**TASK TO CARRY OUT**
Exclude pictures and give again exactly the lines of the listing, beginning with its first line and ending with the one that contains "卡宾男装 特色明线设计T恤2025夏季新款烫珠点缀时尚潮流".

**SUPPLIED ENTRIES**
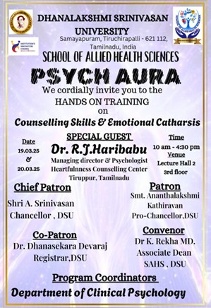 The ‘PSYCH AURA’ HANDS ON TRAINING ON COUNSELING SKILLS AND EMOTIONAL CATHARSIS Programme was organized by the Department of Clinical Psychology, School of Allied Health Sciences, Dhanalakshmi Srinivasan University Samayapuram, Trichy to create an insight about the Counselling skills and emotional healing on 19th to 20th march 2025 in Lecture hall II, 3rd floor, between 10 am to 4:30pm.
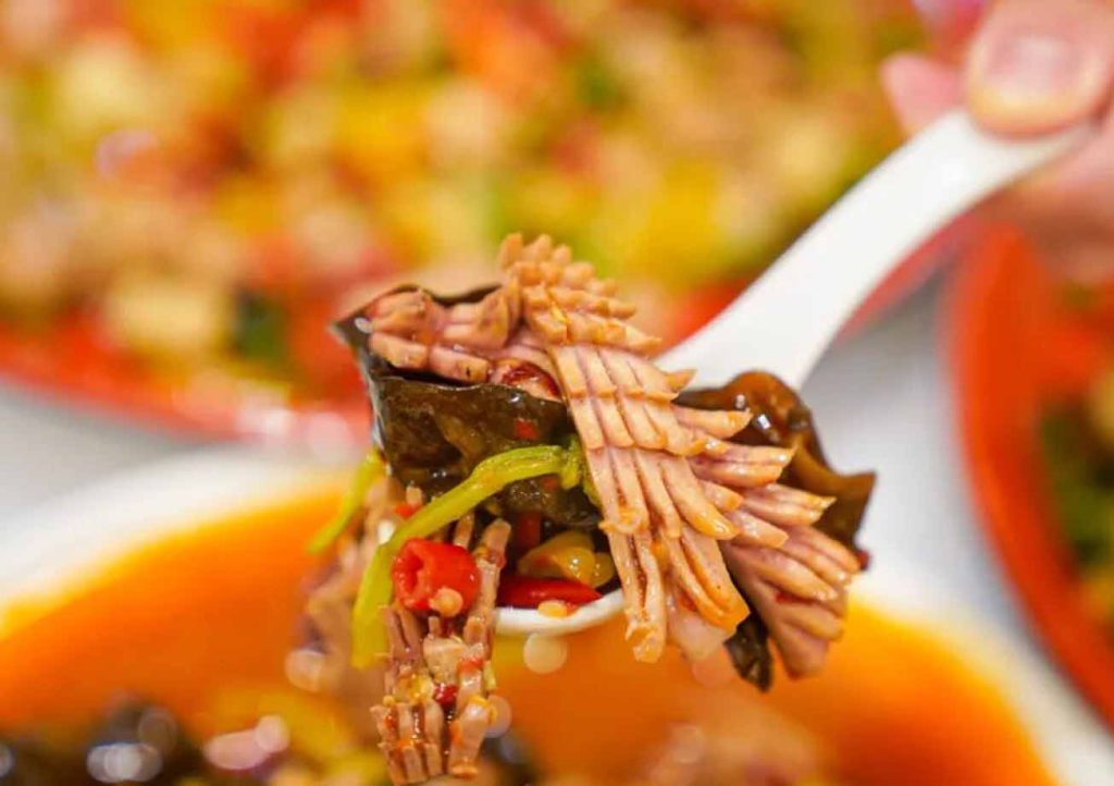 夫妻肺片、蒜泥白肉的红油香很正,火爆腰花的刀工和火候都不错。
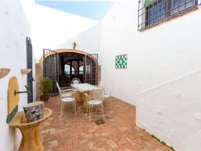 Patio méditerranéen avec sol en terre cuite à motifs, fontaine en pierre et mobilier en fer forgé blanc. Une arche avec grilles décoratives mène à l'intérieur.
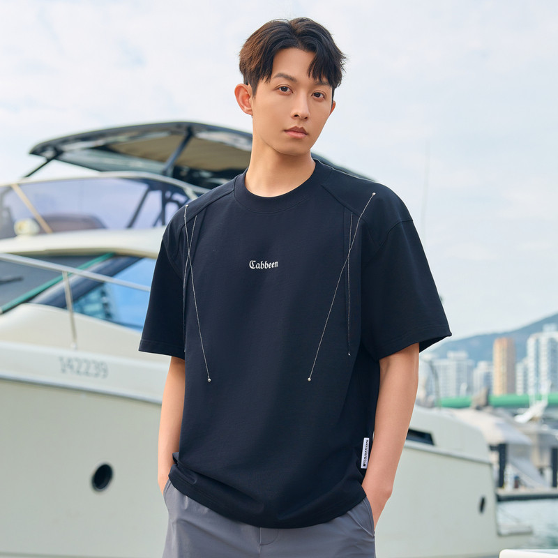 卡宾男装 特色明线设计T恤2025夏季新款烫珠点缀时尚潮流
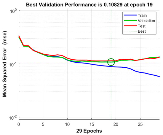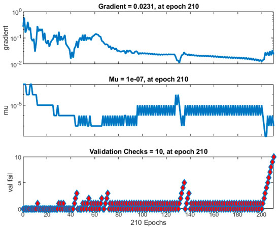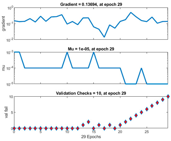 The visualization of the training process for is presented in Figure 9 and Figure 10. Figure 8 shows the value of the MSE, which serves as the cost function for each of the three data subsets (training, validation, testing) as a function of the number of epochs. The lowest value of the cost function calculated for the validation data (MSE = 0.10829) and its corresponding epoch no. 19 are marked—this represents the final form of the network used in the remainder of the study. Figure 10 displays the values of Gradient, Mu, and Validation Checks as a function of the number of epochs. The training process was terminated as a result of exceeding the maximum number of failed validation checks, as further training would have led to overfitting the network.
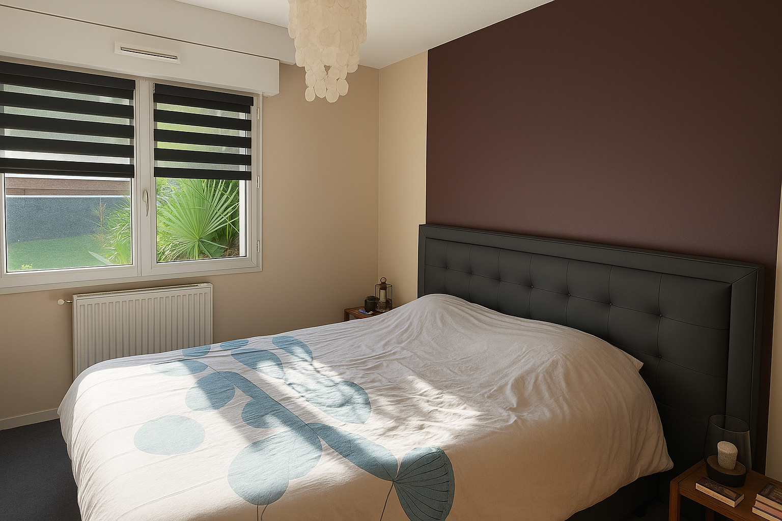 L'entrée dessert un placard fonctionnel avant de s'ouvrir sur un salon-séjour lumineux, exposé sud-ouest, offrant une continuité naturelle vers la terrasse et le jardin. La cuisine aménagée et équipée s'intègre parfaitement à cet espace convivial.

**ANSWER**
 The ‘PSYCH AURA’ HANDS ON TRAINING ON COUNSELING SKILLS AND EMOTIONAL CATHARSIS Programme was organized by the Department of Clinical Psychology, School of Allied Health Sciences, Dhanalakshmi Srinivasan University Samayapuram, Trichy to create an insight about the Counselling skills and emotional healing on 19th to 20th march 2025 in Lecture hall II, 3rd floor, between 10 am to 4:30pm.
 夫妻肺片、蒜泥白肉的红油香很正,火爆腰花的刀工和火候都不错。
 Patio méditerranéen avec sol en terre cuite à motifs, fontaine en pierre et mobilier en fer forgé blanc. Une arche avec grilles décoratives mène à l'intérieur.
 卡宾男装 特色明线设计T恤2025夏季新款烫珠点缀时尚潮流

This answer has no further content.